§ **Data records**
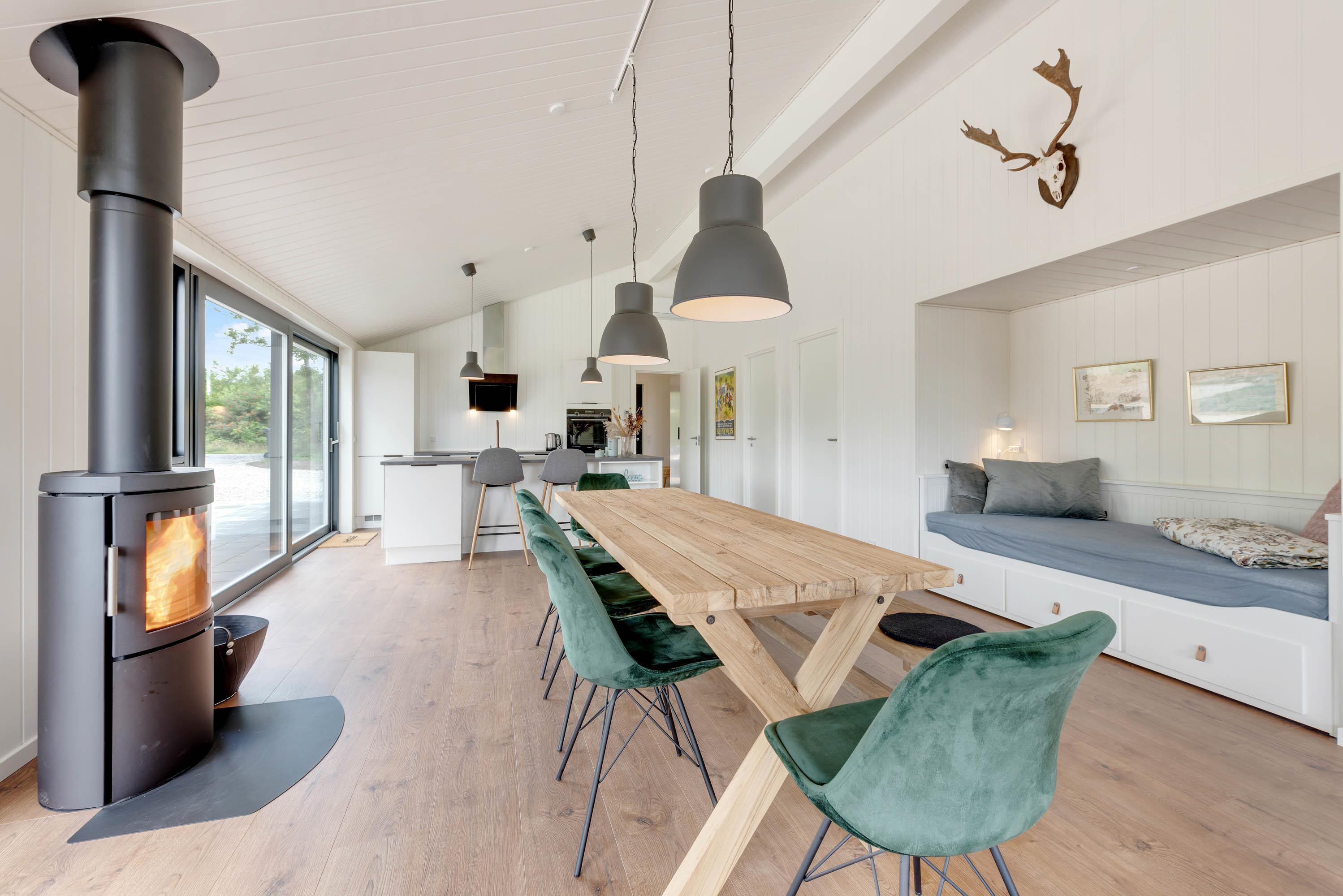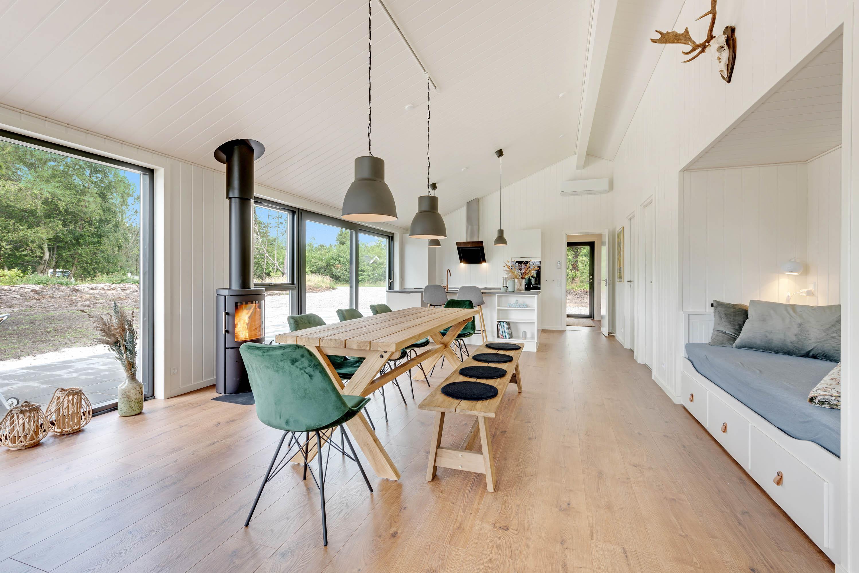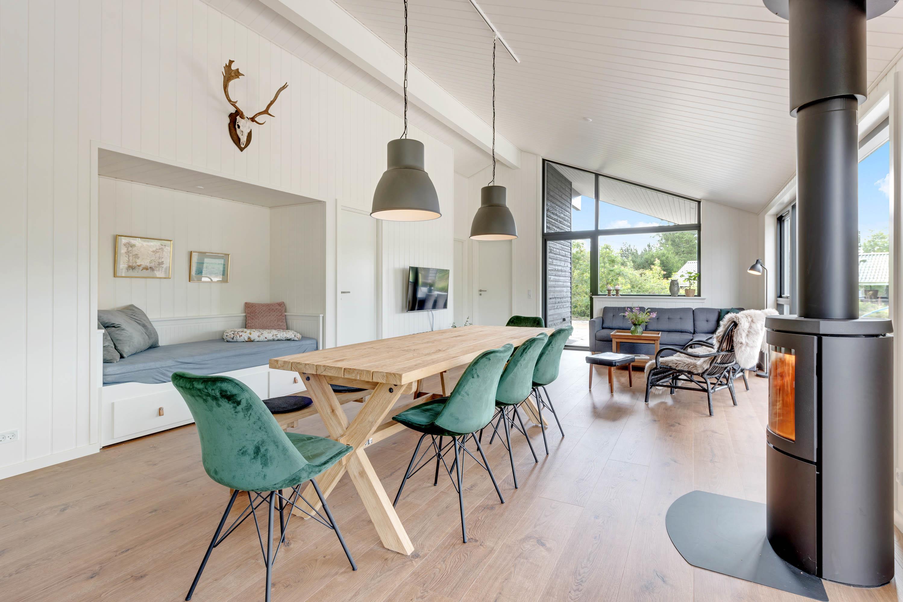 Drømmer I om en ferie i luksuriøse omgivelser? Så er dette femstjernede sommerhus lige noget for jer! Det i år 2020 opførte sommerhus er indrettet i en flot nordisk stil, som forener det moderne med den hyggelige, klassiske sommerhusstemning. Særlige detaljer som en alkove i køkken-alrummet giver et særligt præg, det er det perfekte hjørne til en god bog eller til at hygge-gemme sig lidt med sin ipad, imens der dækkes bord til aftensmaden.
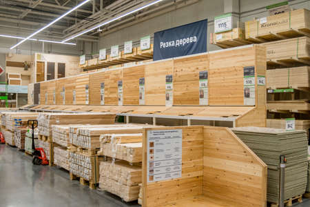 MOSCOW, RUSSIA - FEBRUARY 15, 201: Interior of the Leroy Merlin Store. Leroy Merlin is a French home-improvement and gardening retailer serving thirteen countries
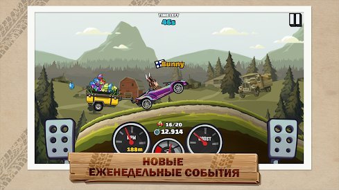 In the game you will find a large set of wheelbarrows that you can buy, or already improve existing ones, while the improvement system is quite developed, so you can change your transport literally indefinitely. It is not difficult to guess from the name, here before you is the second part the same game in which on one side there remained attractive atmosphere of the first part, as its other advantages, however, have added a lot of advantages. There are both new cars and new levels, about several additional modes, you can not mention at all. All of the above is enough to Hill Climb Racing 2. But if you just had a little, it's still not terrible, because there are still a lot of advantages here. For example, in addition to the usual off-road vehicles, you can see a number of more interesting vehicles, for example, there is a tank, a police car and even a sled. In addition, each location is made in its own unique style and has its own unique features. On the road to move forward, you need to regularly replenish fuel reserves, which will be very limited.
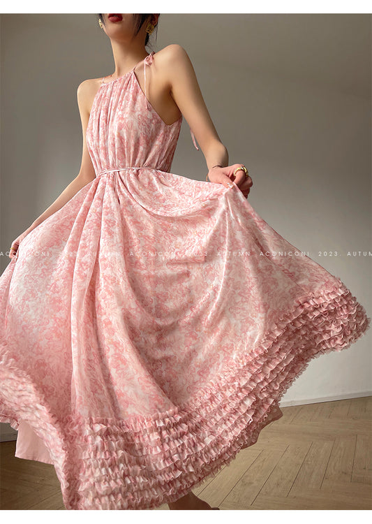 Aconiconi| halter-neck summer broken flowers vacation holiday style fairy dress - cherry blossom
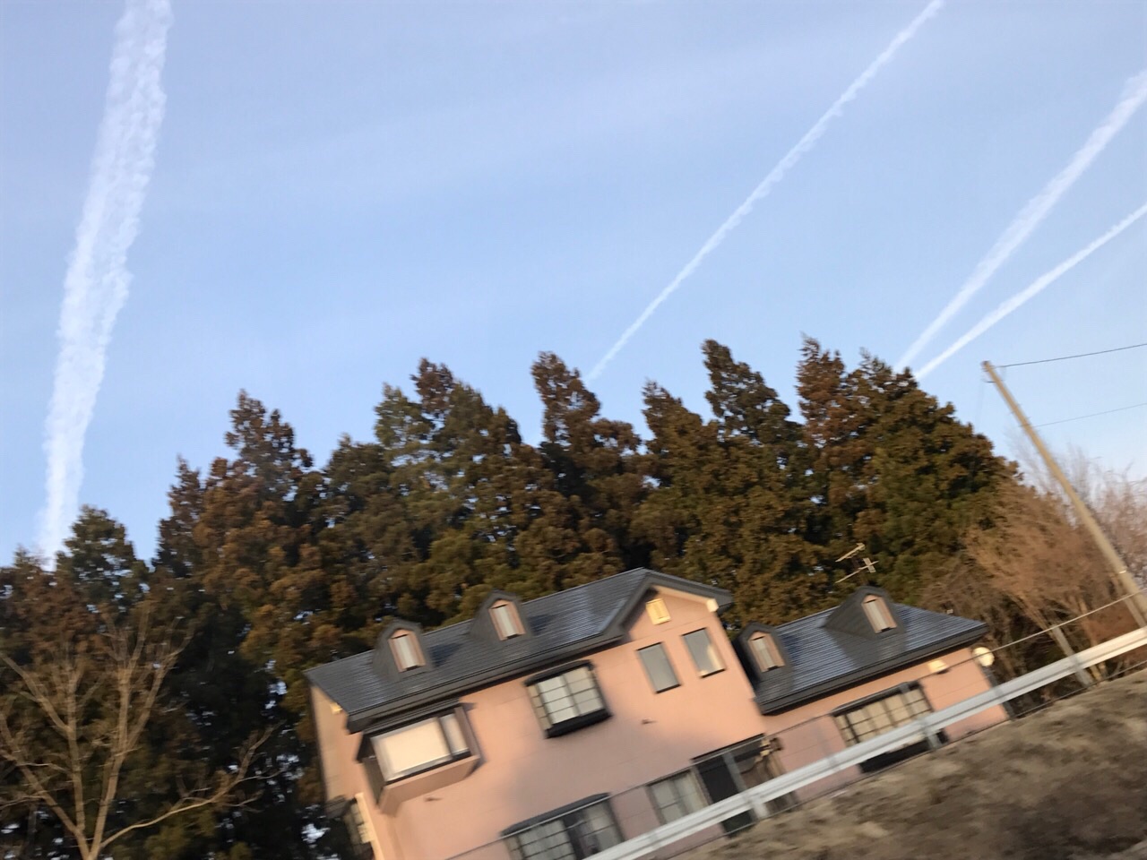 青森の空は飛行機雲が5本程、見えました。 小林は
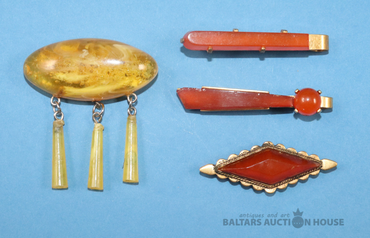 Dzintara brošas 2 gab un kuloni 2 gab. Kopējais svars 46,26 g

§ **Task description**
Keep pictures out and return the lines from the one containing "Aconiconi| halter-neck summer" through the end of the listing, both included, character for character.

§ **Task output**
 Aconiconi| halter-neck summer broken flowers vacation holiday style fairy dress - cherry blossom
 青森の空は飛行機雲が5本程、見えました。 小林は
 Dzintara brošas 2 gab un kuloni 2 gab. Kopējais svars 46,26 g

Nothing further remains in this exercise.